### Action item
In your copy, leave out the pictures and repeat the entries below exactly.

########################################

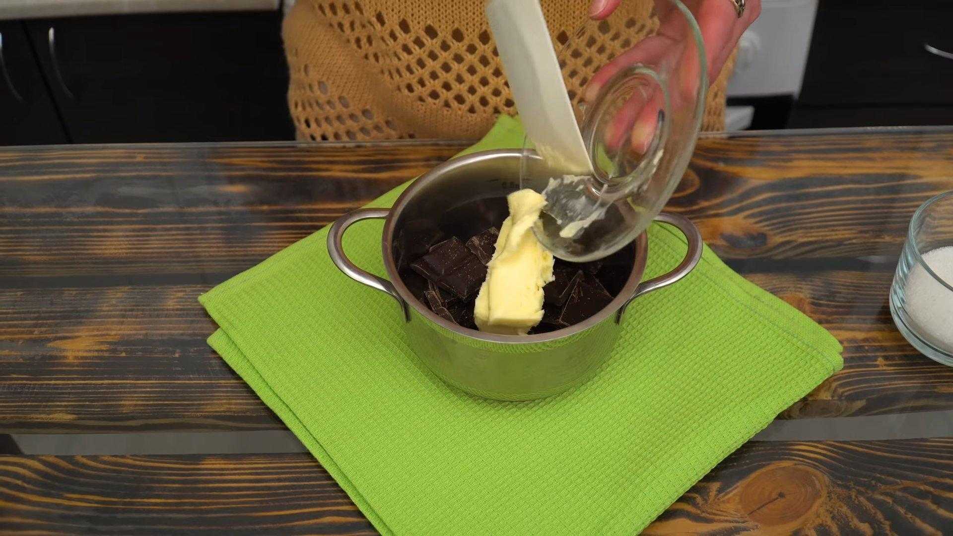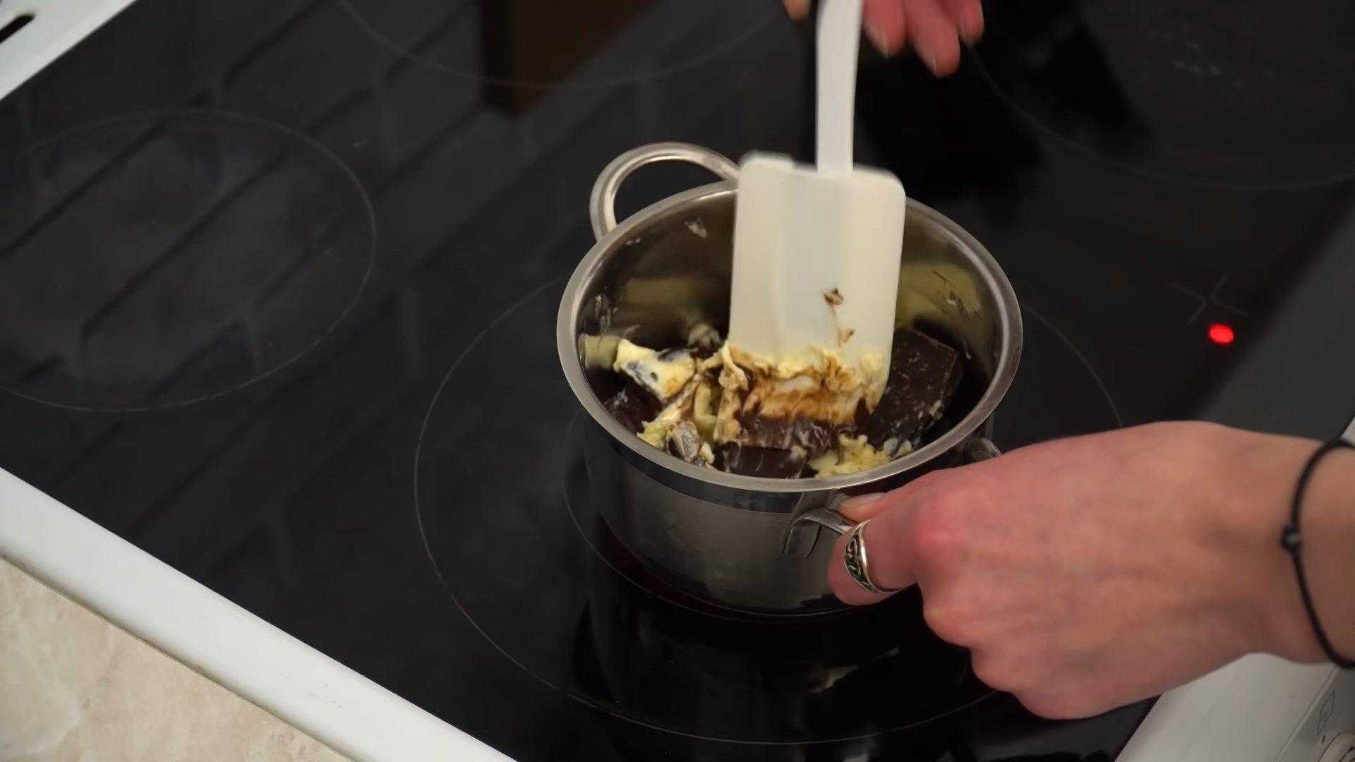 Сливочное масло (85 г), порошок какао (1 ст. л) положите в сотейник или небольшую кастрюльку и поставьте на медленный огонь. Дайте маслу растаять.
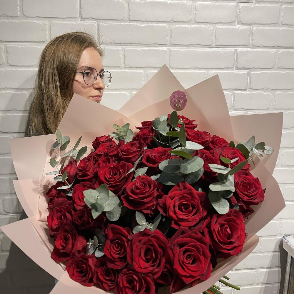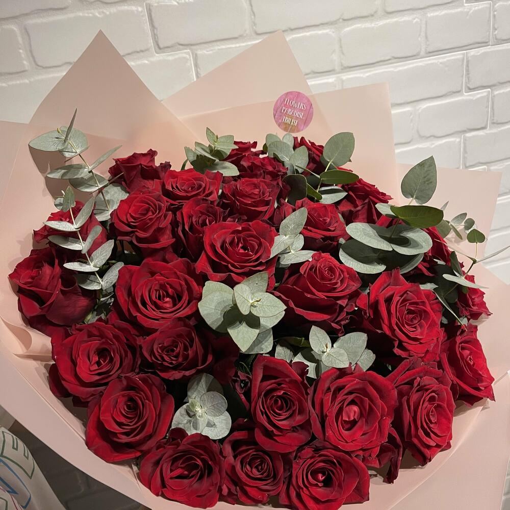 Красная роза – 31 шт. Эвкалипт – 7 шт. Упаковка – 1 шт. Атласная лента – 1 шт.
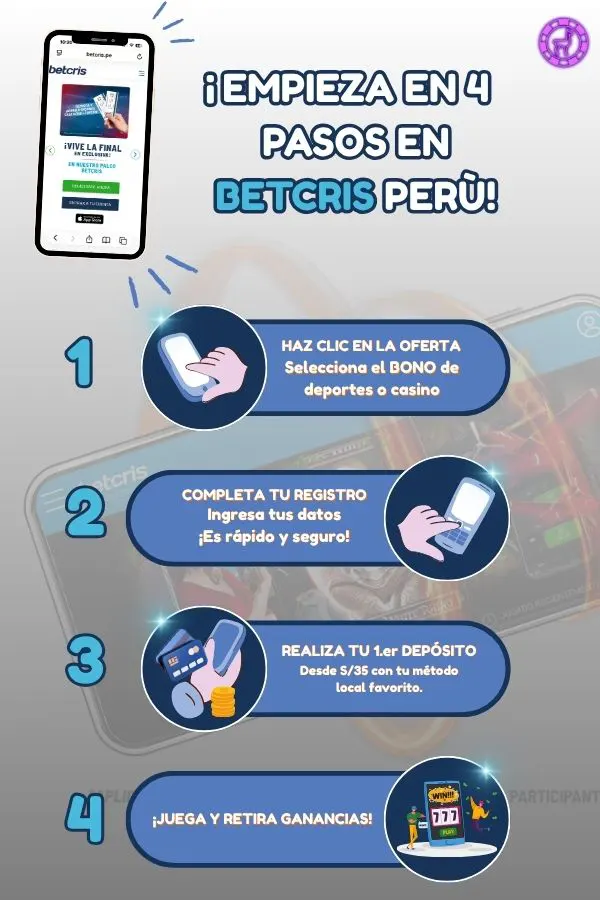 Para obtener los 20 giros gratis en Betcris Perú, debes: 1) Registrarte como nuevo usuario, 2) Depositar mínimo S/35, 3) Realizar una apuesta de S/4 o más, 4) Solicitar el código BC-PRIMERGIRO a través del chat de atención al cliente.
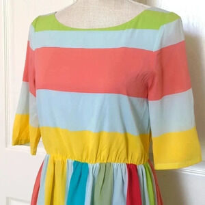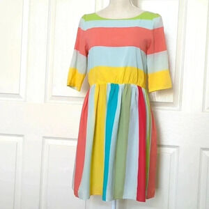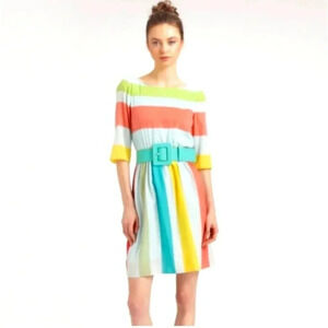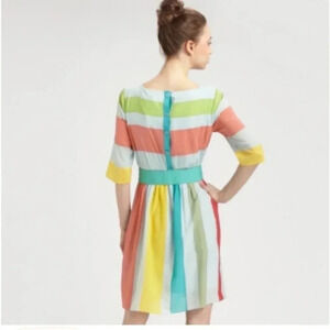 Anita Striped Silk Dress pretty pastel stripes lend a touch of whimsy to this airy silk frock. Cinched at the waist. Button Back. 96% Silk / 4% Spandex.
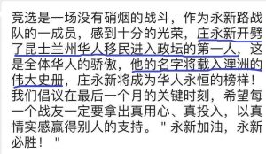当然,庄先生若用物业管理行业诞生出首位华人这一卖点参政,则无不可,但仍需要更多信息核实(据闻维州市议会选举,也有来自物业管理行业的华人参选)。物业管理费行业出个首位参政华人,是值得庆贺的,印证了中华民族一句古话,行行出状元。只是,宣传时请注明是某行业首个华人参政,这样就避免误解了。否则,愚弄选民,是聪明反被聪明误。
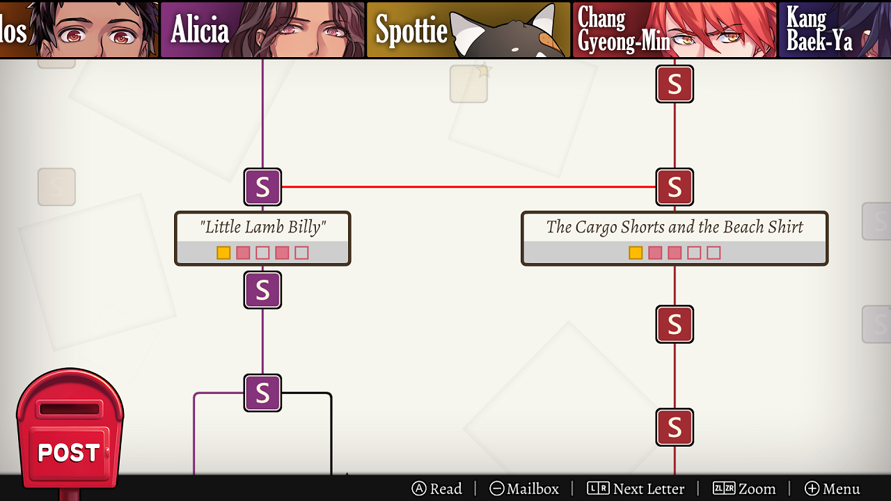 This game is NOT for the faint of heart, WILL deals with some pretty heavy themes that may be triggering to some players. There is a particularly devastating child abuse scenario that even found especially hard to stomach, but thankfully that plotline was blessedly short! The other plotlines shift between moments of levity and soap opera levels of melodrama—which can give you a bit of mood whiplash as you try to keep up with the tonal dissonance between plot points. But, once you find a good rhythm, your sense of morbid curiosity takes over and you find yourself engrossed in the lives of these characters. Despite receiving some letters at the same time, each of the storylines are separated by time and location; so some events that appear to be happening within the same timeframe may in reality take place several years apart.
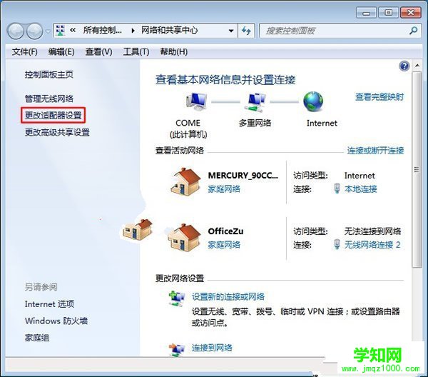 打開“網絡和共享中心”點擊左邊的“更改適配器設置”。
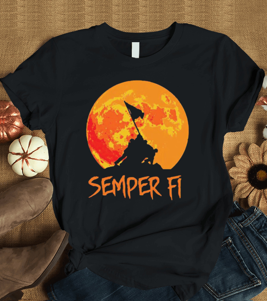 Semper Fi Halloween Full Moon Flag Raising T-Shirt
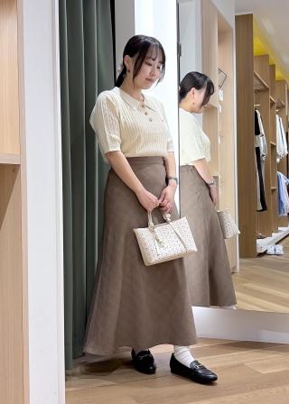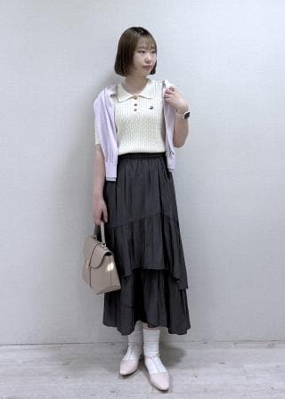 ・フェミニンなスカート×ジャケットのインナー使いで上品な雰囲気に。
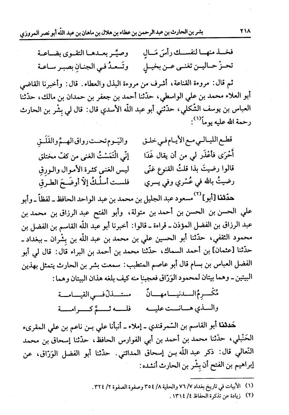 فخذ منها لنفسك رأس مال * وصير بعدها التقوى بضاعة تحز حالين تغنى عن بخيل * وتسعد في الجنان بصبر ساعة * ثم قال مروءة القناعة أشرف من مروءة البذل والعطاء قال وأخبرنا القاضي أبو العلاء محمد بن علي الواسطي حدثنا أحمد بن جعفر بن حمدان بن مالك حدثنا العباس بن يوسف الشكلي حدثنا أبو عبد الله الأسدي قال قال لي بشر بن الحارث رحمة الله عليه يوما (1) * قطع الليالي مع الأيام في خلق * واليوم تحت رواق الهم والقلق أحرى فأعذر لي من أن يقال غدا * إني التمست الغنى من كف مختلق قالوا رضيت بذا قلت القنوع غنى * ليس الغنى كثرة الأموال والورق رضيت بالله في عسري وفي يسري * فلست أسلك إلا أوضح الطرق * حدثنا أبو (2) مسعود عبد الجليل بن محمد بن عبد الواحد الحافظ لفظا وأبو علي الحسن بن الحسن بن أحمد بن متولة وأبو الفتح عبد الرزاق بن محمد بن عبد الرزاق بن الفضل المؤذن قراءة قالوا أخبرنا أبو عبد الله القاسم بن الفضل بن محمود الثقفي حدثنا أبو الحسين علي بن محمد بن عبد الله بن بشران ببغداد حدثنا عثمان بن أحمد السماك حدثنا محمد بن أحمد بن البراء قال قال لي أبو الفضل العباس بن بسام قال أبو عاصم المتطبب سمعت بشر بن الحارث يتمثل بهذين البيتين وهما بيتنا لمحمود الوراق فعجبنا منه كيف بلغه هذان البيتان وهما * مكرم الدنيا مهان * مستذل في القيامة والذي هانت عليه * فله ثم كرامة * حدثنا أبو القاسم بن السمرقندي إملاء أنبأنا علي بن ناعم بن علي المقرئ الحنبلي حدثنا محمد بن أحمد بن أبي الفوارس الحافظ حدثنا إسحاق بن محمد النعالي قال ذكر عبد الله بن إسحاق المدائني حدثنا أبو الفضل الوراق عن إبراهيم بن الفتح أن بشر بن الحارث أنشده *

########################################

### Response
 Сливочное масло (85 г), порошок какао (1 ст. л) положите в сотейник или небольшую кастрюльку и поставьте на медленный огонь. Дайте маслу растаять.
 Красная роза – 31 шт. Эвкалипт – 7 шт. Упаковка – 1 шт. Атласная лента – 1 шт.
 Para obtener los 20 giros gratis en Betcris Perú, debes: 1) Registrarte como nuevo usuario, 2) Depositar mínimo S/35, 3) Realizar una apuesta de S/4 o más, 4) Solicitar el código BC-PRIMERGIRO a través del chat de atención al cliente.
 Anita Striped Silk Dress pretty pastel stripes lend a touch of whimsy to this airy silk frock. Cinched at the waist. Button Back. 96% Silk / 4% Spandex.
当然,庄先生若用物业管理行业诞生出首位华人这一卖点参政,则无不可,但仍需要更多信息核实(据闻维州市议会选举,也有来自物业管理行业的华人参选)。物业管理费行业出个首位参政华人,是值得庆贺的,印证了中华民族一句古话,行行出状元。只是,宣传时请注明是某行业首个华人参政,这样就避免误解了。否则,愚弄选民,是聪明反被聪明误。
 This game is NOT for the faint of heart, WILL deals with some pretty heavy themes that may be triggering to some players. There is a particularly devastating child abuse scenario that even found especially hard to stomach, but thankfully that plotline was blessedly short! The other plotlines shift between moments of levity and soap opera levels of melodrama—which can give you a bit of mood whiplash as you try to keep up with the tonal dissonance between plot points. But, once you find a good rhythm, your sense of morbid curiosity takes over and you find yourself engrossed in the lives of these characters. Despite receiving some letters at the same time, each of the storylines are separated by time and location; so some events that appear to be happening within the same timeframe may in reality take place several years apart.
 打開“網絡和共享中心”點擊左邊的“更改適配器設置”。
 Semper Fi Halloween Full Moon Flag Raising T-Shirt
 ・フェミニンなスカート×ジャケットのインナー使いで上品な雰囲気に。
 فخذ منها لنفسك رأس مال * وصير بعدها التقوى بضاعة تحز حالين تغنى عن بخيل * وتسعد في الجنان بصبر ساعة * ثم قال مروءة القناعة أشرف من مروءة البذل والعطاء قال وأخبرنا القاضي أبو العلاء محمد بن علي الواسطي حدثنا أحمد بن جعفر بن حمدان بن مالك حدثنا العباس بن يوسف الشكلي حدثنا أبو عبد الله الأسدي قال قال لي بشر بن الحارث رحمة الله عليه يوما (1) * قطع الليالي مع الأيام في خلق * واليوم تحت رواق الهم والقلق أحرى فأعذر لي من أن يقال غدا * إني التمست الغنى من كف مختلق قالوا رضيت بذا قلت القنوع غنى * ليس الغنى كثرة الأموال والورق رضيت بالله في عسري وفي يسري * فلست أسلك إلا أوضح الطرق * حدثنا أبو (2) مسعود عبد الجليل بن محمد بن عبد الواحد الحافظ لفظا وأبو علي الحسن بن الحسن بن أحمد بن متولة وأبو الفتح عبد الرزاق بن محمد بن عبد الرزاق بن الفضل المؤذن قراءة قالوا أخبرنا أبو عبد الله القاسم بن الفضل بن محمود الثقفي حدثنا أبو الحسين علي بن محمد بن عبد الله بن بشران ببغداد حدثنا عثمان بن أحمد السماك حدثنا محمد بن أحمد بن البراء قال قال لي أبو الفضل العباس بن بسام قال أبو عاصم المتطبب سمعت بشر بن الحارث يتمثل بهذين البيتين وهما بيتنا لمحمود الوراق فعجبنا منه كيف بلغه هذان البيتان وهما * مكرم الدنيا مهان * مستذل في القيامة والذي هانت عليه * فله ثم كرامة * حدثنا أبو القاسم بن السمرقندي إملاء أنبأنا علي بن ناعم بن علي المقرئ الحنبلي حدثنا محمد بن أحمد بن أبي الفوارس الحافظ حدثنا إسحاق بن محمد النعالي قال ذكر عبد الله بن إسحاق المدائني حدثنا أبو الفضل الوراق عن إبراهيم بن الفتح أن بشر بن الحارث أنشده *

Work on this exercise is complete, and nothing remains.